Start of Block

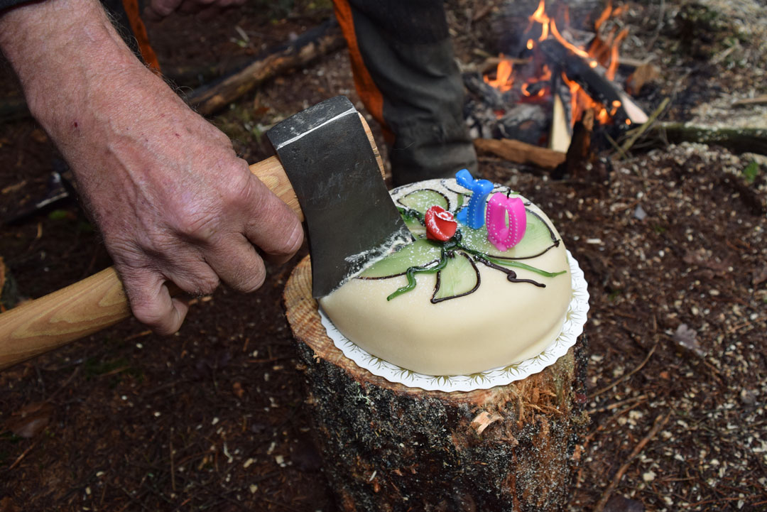 Da skogsmaskinføreren ble overrasket med marsipankake på jobb langt inn i skogen, måtte øksa duge som kakespade.
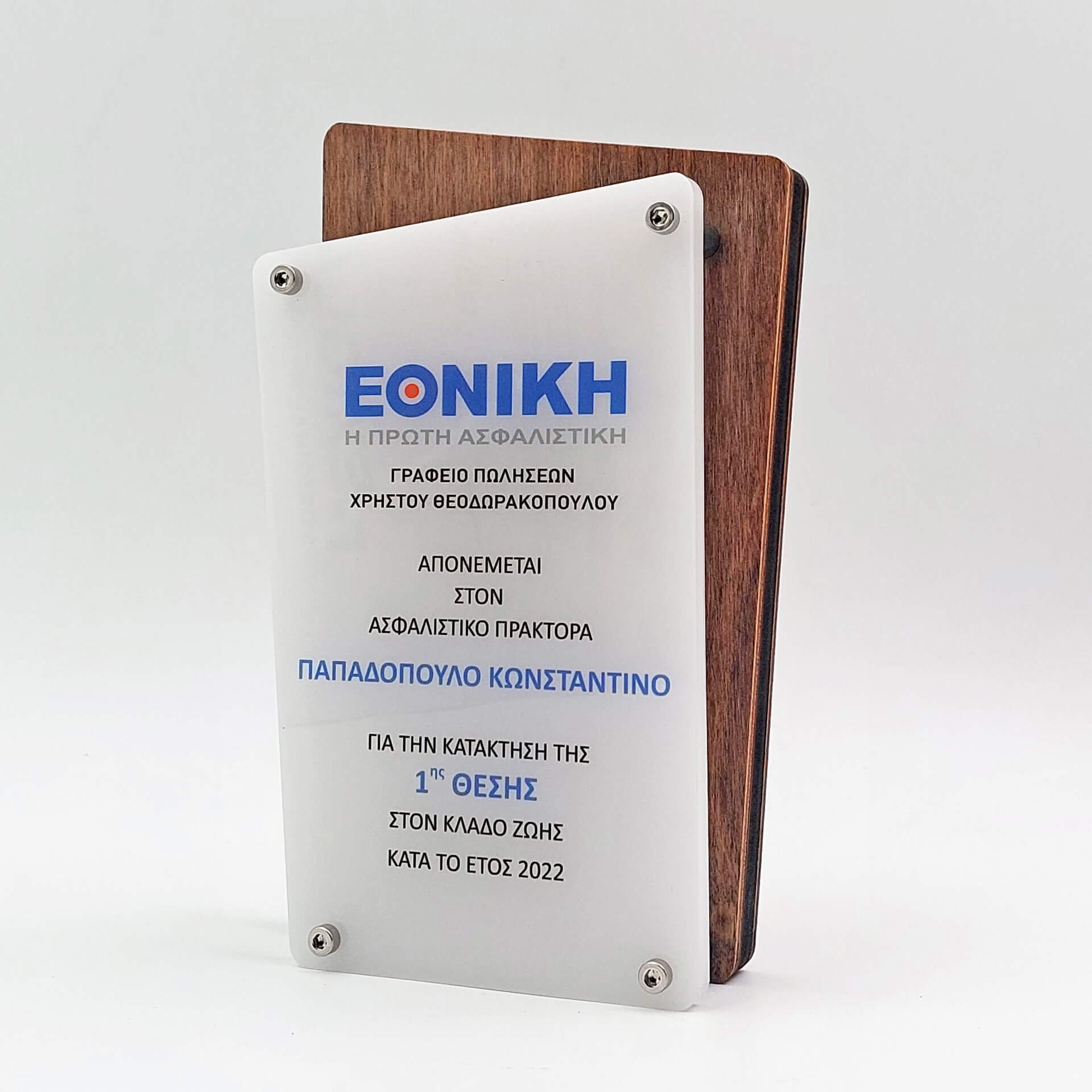 Αναμνηστική πλακέτα από ξύλο & ακρυλικό με έγχρωμη εκτύπωση επάνω στο ακρυλικό
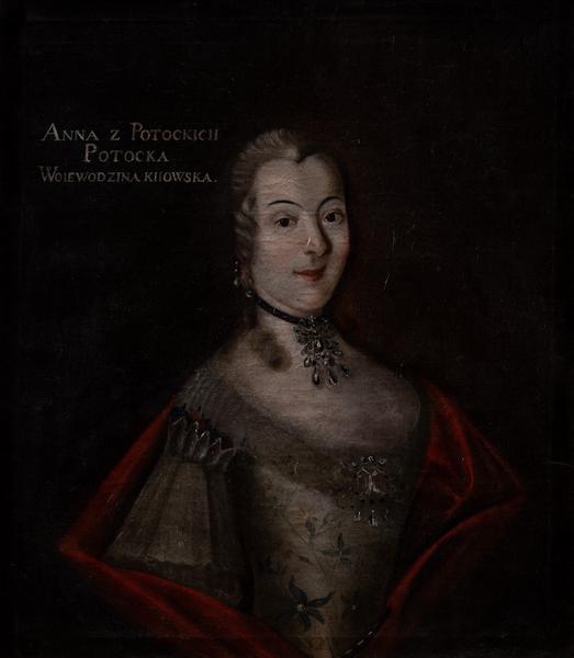 Anna Potocka (1724–1772) – daughter of Stanislaw Potocki, Voivode of Poznan, and Marianna Leszczowna. Wife of Franciszek Salezy Potocki, Voivode of Kyiv. She was a possessive and despotic woman. Anna Potocka's depictions were often imbued with sarcasm. The half–length portrait is made according to the traditions of secular portrait painting of the 18th century, which is characterized by flat treatment of the subject. It has a rich colour scheme, excessive detailing of the figure and accessories, flat manner of execution and festiveness which are typical for primitivist painters. Stylistic changes in Ukrainian portraiture coincided with the changes which occurred in European painting. Women were drawn in stylish European gowns and wigs, a smile appeared on their lips, which is how the artist depicted Anna Potocka, trying to endow the work with an emotional appeal. At the top of the portrait there is an inscription: “Anna z Potockich Potocka Woiewodzina Kiiowska”.
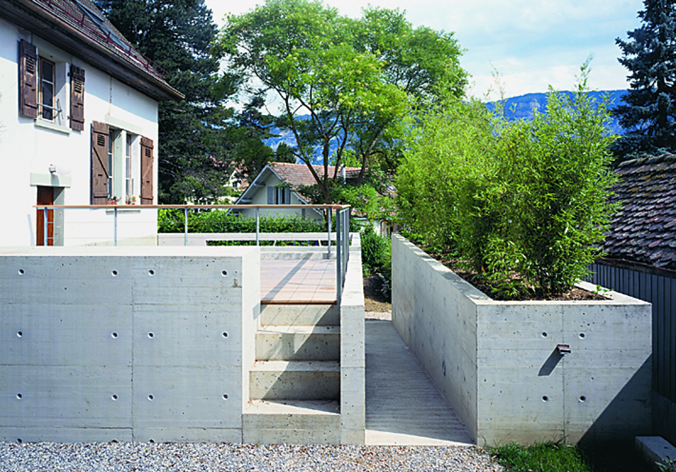 Dans le cadre de la transformation d’une maison du début du vingtième siècle, ce projet d’aménagements extérieurs cherche à construire un nouveau paysage. Un dispositif géométrique en béton prolonge les espaces intérieurs contigus en reprenant la typologie intérieure de la maison, sous la forme de deux 'chambres extérieures': l’une s’inscrivant en positif devant la pièce de jour : la terrasse, et l’autre en négatif devant une chambre nouvellement créée: le patio.
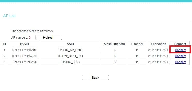 Find your main WiFi name from the list and press connect button to join the network from the range extender device to extend the same network.
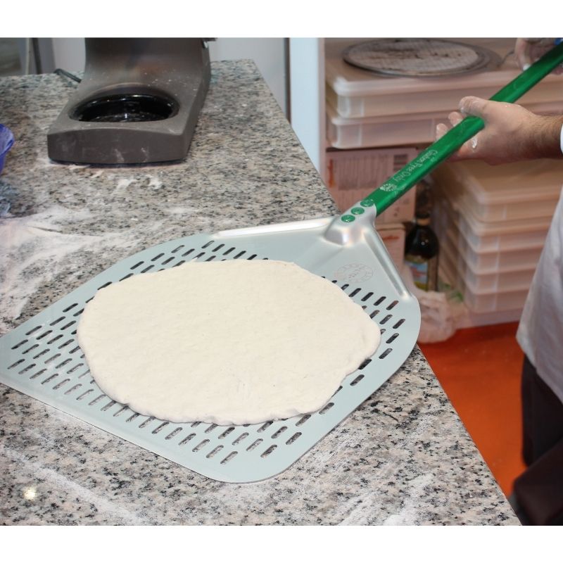 Elle se distingue par sa couleur verte qui permet au pizzaïolo de différencier au mieux ses ustensiles de travail,
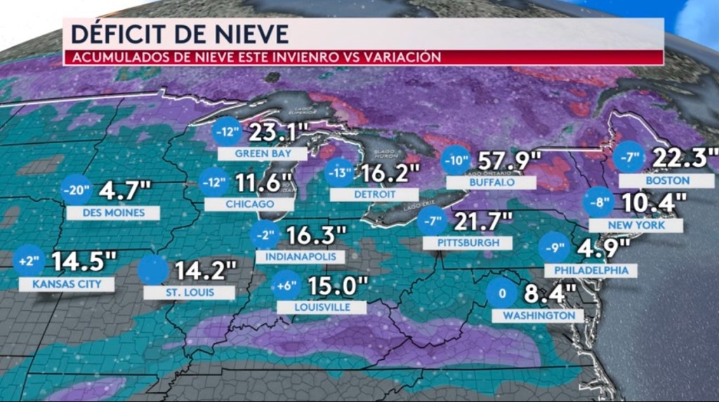 •Esta nieve será beneficiosa para gran parte del Medio Oeste, Grandes Lagos y noreste ya que muchas ciudades están experimentado déficits de nieve. Chicago, por ejemplo, solo ha recibido 11 pulgadas de nieve esta temporada invernal, representando un déficit de 12 pulgadas hasta la fecha. Chicago recibirá entre 3-6 pulgadas durante esta semana.
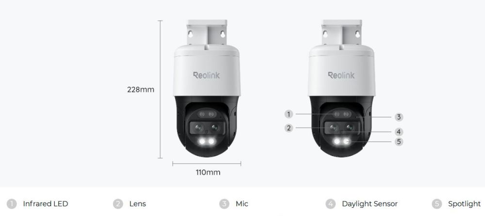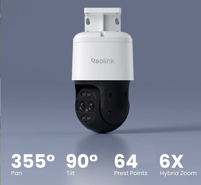 Reolink Trackmix WiFi on täysin uniikki kaksilinssinen PTZ-kamera. Trackmix kykenee uuteen tuplaseurantaan. Siinä toinen linssi katsoo seurattavaa kohdetta laajakuvassa ja toinen zoomattuna. TrackMix -sarjassa on myös uusi 6x hybridi zoomaus. Siinä ensimmäiset 2.8x zoomautuu laajakulmaobjektiivin kuvasta digitaalisesti ja loput teleobjektiivin kautta. Kamera toimii verkkovirralla.Auto-tracking toiminnolla kamera pystyy seuraamaan havaitsemaansa kohdetta, kääntäen kameran kohteen liikkeen mukaan. Seurantatoiminnossa liike toimii horisontaalisti eli vasemmalle ja oikealle. Kameran voi myös asettaa partioimaan esiasennettuihin vapaasti asetettuihin kohteisiin vuoronperään kohdistuen. WiFi-yhteys toimii sekä 2.4 GHz että 5 GHz taajuuksilla. Kamerassa on lisäksi 100 Mb/s nopeuteen yltävä RJ45-liitin Ethernet-kaapelille.
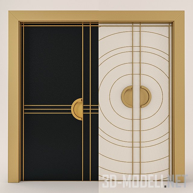 Для формирования элегантного пространства в стиле арт-деко хорошо подойдут такого плана межкомнатные двери. Золотистого цвета коробка каждой модели идеально сочетается с черным или белым цветом полотна. Оригинальные ручки и декор полотна соответствует отделке коробки.
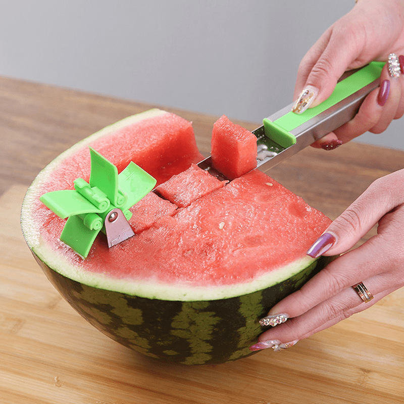 Home > Watermelon Knife Stainless Steel Pinwheel Design Easy To Cut Watermelon Slices Kitchen Gadgets Salad Fruit Slicing Knife Tool
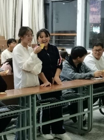 在主持人的带领下,现场有序开展了“抢数字 ”,“摇摇烦恼消 ”,“我眼中的你”等互动小游戏。热身小游戏环节迅速消除了同学们的拘束感,调动了同学们的积极性,让现场氛围变得活跃起来。
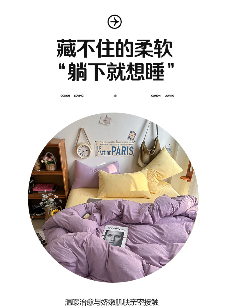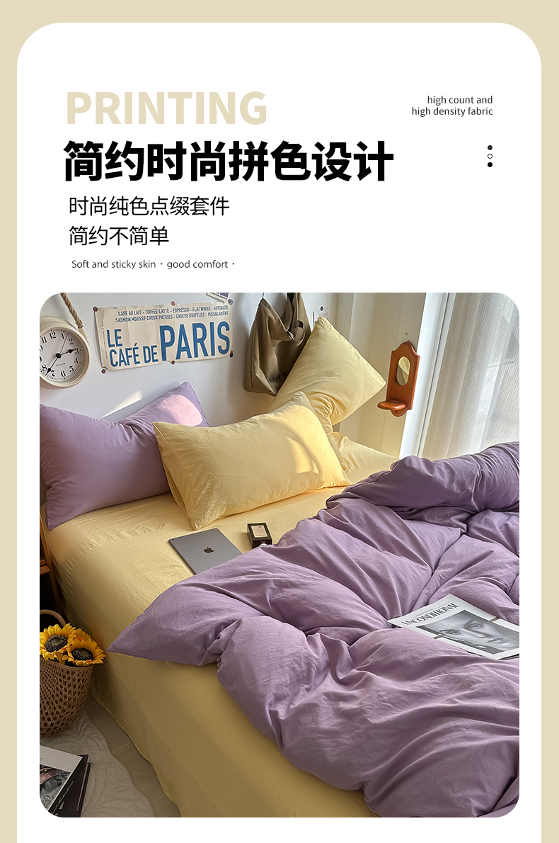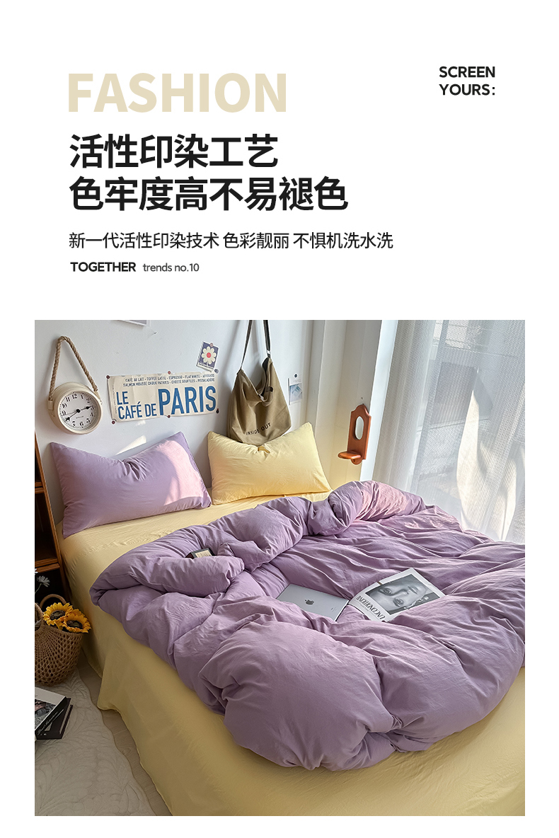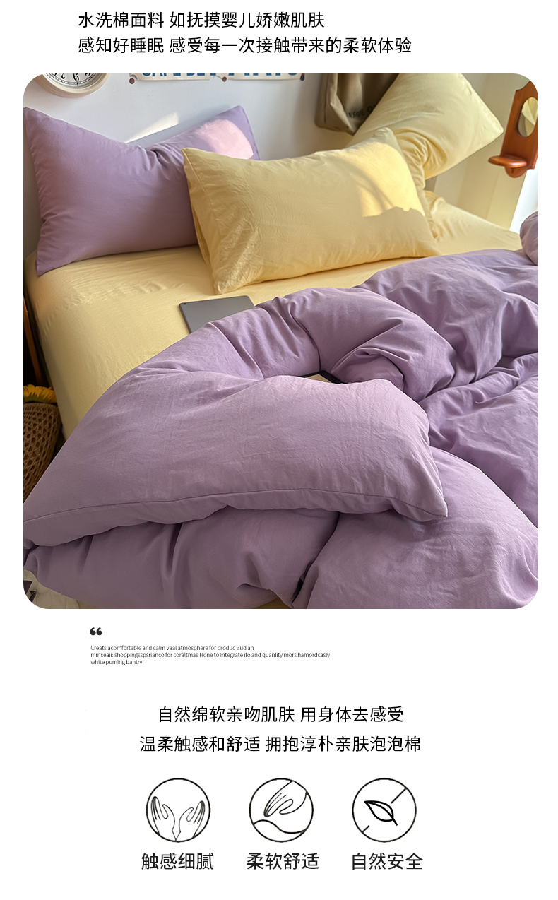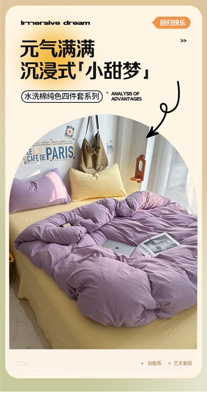 当前位置: 91家纺网 > 商品网购 > 床品套件 > 四件套 > 全棉普通四件套 > 易辰美 2024新款混搭超柔水洗棉四件套 香芋紫+嫩黄
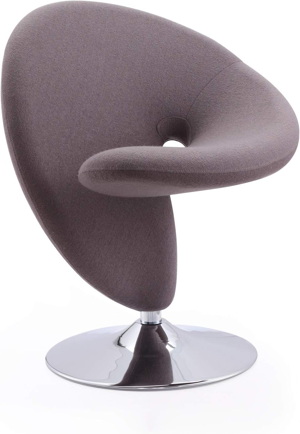 Manhattan Comfort Curl Swivel Accent Chair Set of 2 with 360° Turn, Fully Assembled, Upholstered in Wool Blend, Modern Ergonomic Design with Polished Chrome Base, Living Room & Office, Set of 1, Grey
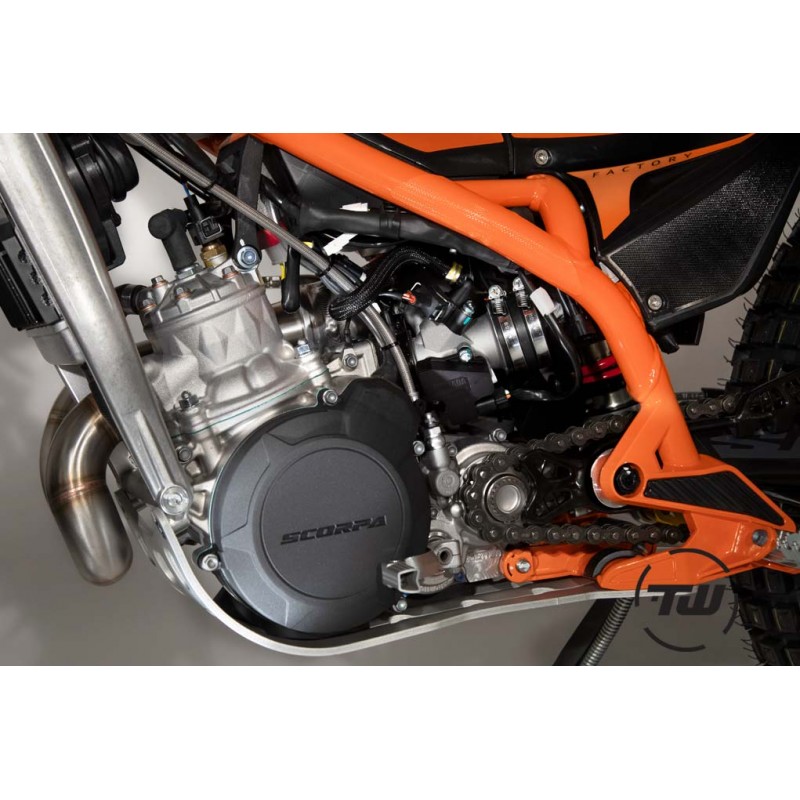 Das SCORPA SC 300 2025 verfügt über ein Hybrid-Startsystem, bei dem der Kickstarter durch eine Zusatzbatterie ergänzt wird, die sich selbständig auflädt und eine konstante elektrische Spannung für das Motorrad gewährleistet.
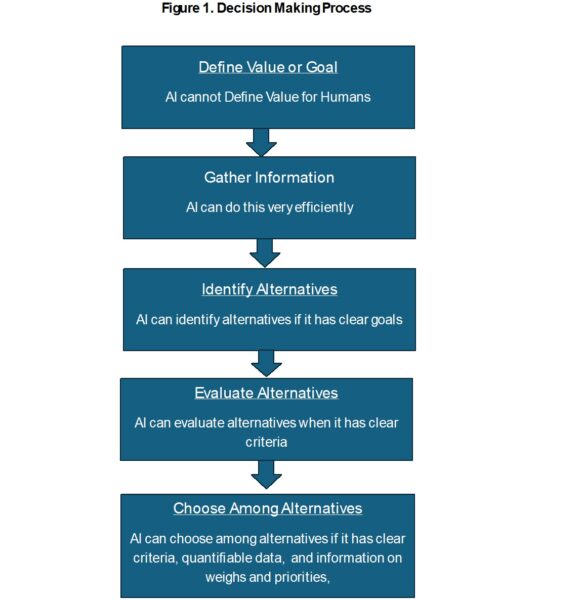 In this blog I am focusing on the potential role of AI in decision-making. To accomplish this, I interviewed OpenAI. I began by asking it to define steps in the decision-making process, and I received standard answers. I then asked for its capabilities to address the first five steps of this process. Conclusions at the end of blog are also using AI responses. I made only minor changes to them. These are the answers that I received:

End of Block

Would you reproduce the records exactly as they stand, but without the pictures?

→ Task solution:
 Da skogsmaskinføreren ble overrasket med marsipankake på jobb langt inn i skogen, måtte øksa duge som kakespade.
 Αναμνηστική πλακέτα από ξύλο & ακρυλικό με έγχρωμη εκτύπωση επάνω στο ακρυλικό
 Anna Potocka (1724–1772) – daughter of Stanislaw Potocki, Voivode of Poznan, and Marianna Leszczowna. Wife of Franciszek Salezy Potocki, Voivode of Kyiv. She was a possessive and despotic woman. Anna Potocka's depictions were often imbued with sarcasm. The half–length portrait is made according to the traditions of secular portrait painting of the 18th century, which is characterized by flat treatment of the subject. It has a rich colour scheme, excessive detailing of the figure and accessories, flat manner of execution and festiveness which are typical for primitivist painters. Stylistic changes in Ukrainian portraiture coincided with the changes which occurred in European painting. Women were drawn in stylish European gowns and wigs, a smile appeared on their lips, which is how the artist depicted Anna Potocka, trying to endow the work with an emotional appeal. At the top of the portrait there is an inscription: “Anna z Potockich Potocka Woiewodzina Kiiowska”.
 Dans le cadre de la transformation d’une maison du début du vingtième siècle, ce projet d’aménagements extérieurs cherche à construire un nouveau paysage. Un dispositif géométrique en béton prolonge les espaces intérieurs contigus en reprenant la typologie intérieure de la maison, sous la forme de deux 'chambres extérieures': l’une s’inscrivant en positif devant la pièce de jour : la terrasse, et l’autre en négatif devant une chambre nouvellement créée: le patio.
 Find your main WiFi name from the list and press connect button to join the network from the range extender device to extend the same network.
 Elle se distingue par sa couleur verte qui permet au pizzaïolo de différencier au mieux ses ustensiles de travail,
 •Esta nieve será beneficiosa para gran parte del Medio Oeste, Grandes Lagos y noreste ya que muchas ciudades están experimentado déficits de nieve. Chicago, por ejemplo, solo ha recibido 11 pulgadas de nieve esta temporada invernal, representando un déficit de 12 pulgadas hasta la fecha. Chicago recibirá entre 3-6 pulgadas durante esta semana.
 Reolink Trackmix WiFi on täysin uniikki kaksilinssinen PTZ-kamera. Trackmix kykenee uuteen tuplaseurantaan. Siinä toinen linssi katsoo seurattavaa kohdetta laajakuvassa ja toinen zoomattuna. TrackMix -sarjassa on myös uusi 6x hybridi zoomaus. Siinä ensimmäiset 2.8x zoomautuu laajakulmaobjektiivin kuvasta digitaalisesti ja loput teleobjektiivin kautta. Kamera toimii verkkovirralla.Auto-tracking toiminnolla kamera pystyy seuraamaan havaitsemaansa kohdetta, kääntäen kameran kohteen liikkeen mukaan. Seurantatoiminnossa liike toimii horisontaalisti eli vasemmalle ja oikealle. Kameran voi myös asettaa partioimaan esiasennettuihin vapaasti asetettuihin kohteisiin vuoronperään kohdistuen. WiFi-yhteys toimii sekä 2.4 GHz että 5 GHz taajuuksilla. Kamerassa on lisäksi 100 Mb/s nopeuteen yltävä RJ45-liitin Ethernet-kaapelille.
 Для формирования элегантного пространства в стиле арт-деко хорошо подойдут такого плана межкомнатные двери. Золотистого цвета коробка каждой модели идеально сочетается с черным или белым цветом полотна. Оригинальные ручки и декор полотна соответствует отделке коробки.
 Home > Watermelon Knife Stainless Steel Pinwheel Design Easy To Cut Watermelon Slices Kitchen Gadgets Salad Fruit Slicing Knife Tool
 在主持人的带领下,现场有序开展了“抢数字 ”,“摇摇烦恼消 ”,“我眼中的你”等互动小游戏。热身小游戏环节迅速消除了同学们的拘束感,调动了同学们的积极性,让现场氛围变得活跃起来。
 当前位置: 91家纺网 > 商品网购 > 床品套件 > 四件套 > 全棉普通四件套 > 易辰美 2024新款混搭超柔水洗棉四件套 香芋紫+嫩黄
 Manhattan Comfort Curl Swivel Accent Chair Set of 2 with 360° Turn, Fully Assembled, Upholstered in Wool Blend, Modern Ergonomic Design with Polished Chrome Base, Living Room & Office, Set of 1, Grey
 Das SCORPA SC 300 2025 verfügt über ein Hybrid-Startsystem, bei dem der Kickstarter durch eine Zusatzbatterie ergänzt wird, die sich selbständig auflädt und eine konstante elektrische Spannung für das Motorrad gewährleistet.
 In this blog I am focusing on the potential role of AI in decision-making. To accomplish this, I interviewed OpenAI. I began by asking it to define steps in the decision-making process, and I received standard answers. I then asked for its capabilities to address the first five steps of this process. Conclusions at the end of blog are also using AI responses. I made only minor changes to them. These are the answers that I received:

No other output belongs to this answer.